Twenty-four-year-old Derek Lee broke into a woman's house during a jewellery party in Salt Lake City, Utah, but despite a gun he didn't convince the women he was for real. They thought it was a party gag and that the gun was a toy. As Derek's anger built at not being taken seriously, the hostess arose: "In the name of Jesus, get out of my house now!" she said and all the other guests joined in. "Je-sus! Je-sus! Je-sus!" Terrified he fled and was soon arrested. (Source: Weird Universe)

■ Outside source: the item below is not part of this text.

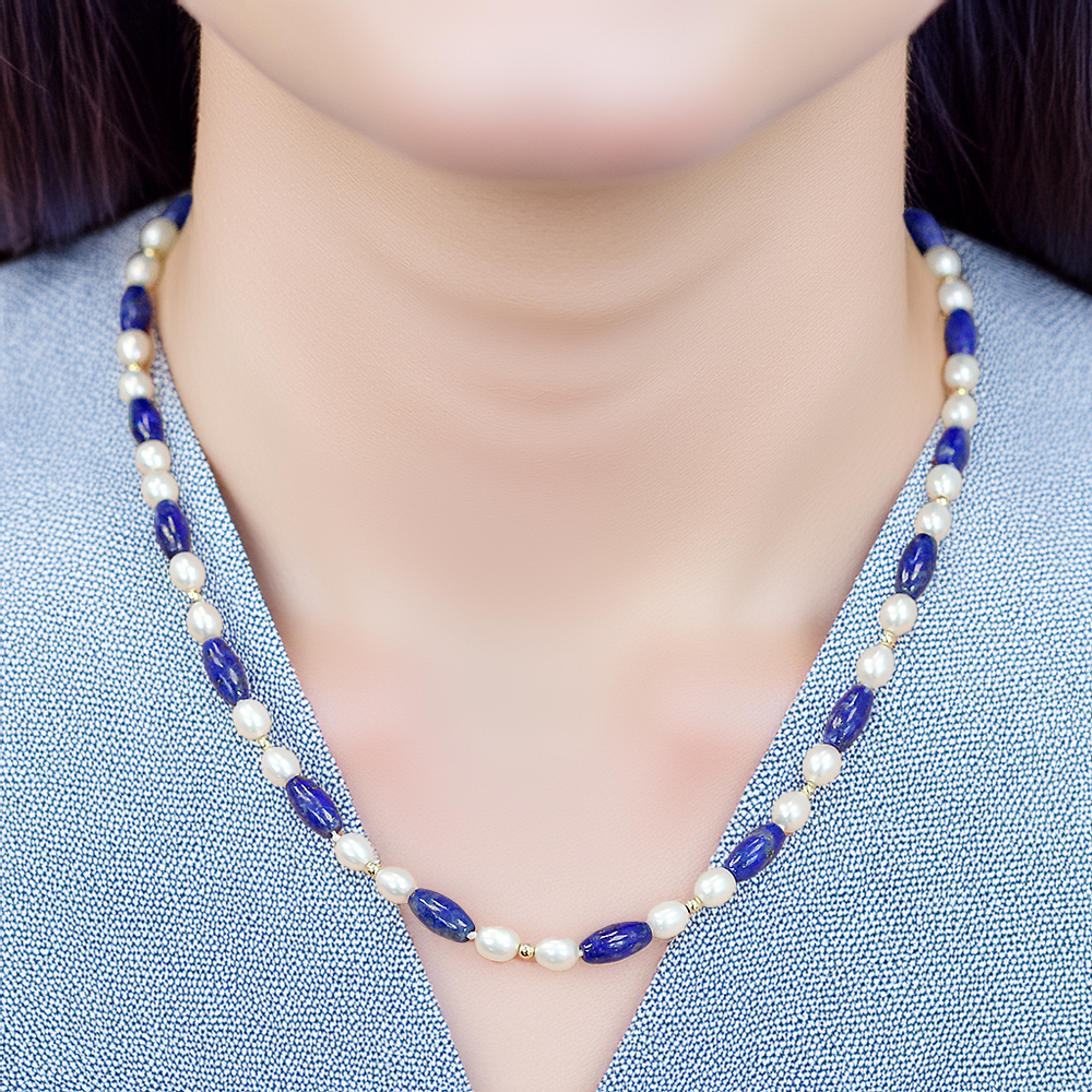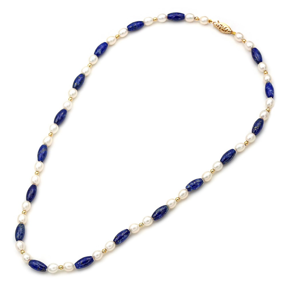 *Necklace with 5.0 x 7.0mm Oval AAA Quality Fresh Water Pearls and 5.0 x 9.0mm Oval Lapis Lazuli.

Council triple-speak doesn't register
A reader writes: "The fella who thought there was a problem with how he 'displayed' his registration [protruding from the plastic pocket], when it was just a few days out of date ... why don't the council just say that? I got stung by the same issue and it took me a while of reading and rereading the website to work out what the ticket was for. I went and looked at my rego and found it out of date. Surely the ticket should say something like 'not displaying a current registration', rather than this confusing triple-speak."
Art: For the last 13 years Julie Green has been making plates depicting the last meal of death-row inmates. Unfortunately there was a lot of requests for KFC and Maccas...
New blog: Cats are currently quite unpopular (and in too much of the Prime Minister's stand up routine) so I was happy to find this blog. The Menswear Dog blog features a handsome dog modeling a range of designer clothes and accessories.
Video: The entire Gangnam Style video as a hand drawn flipbook.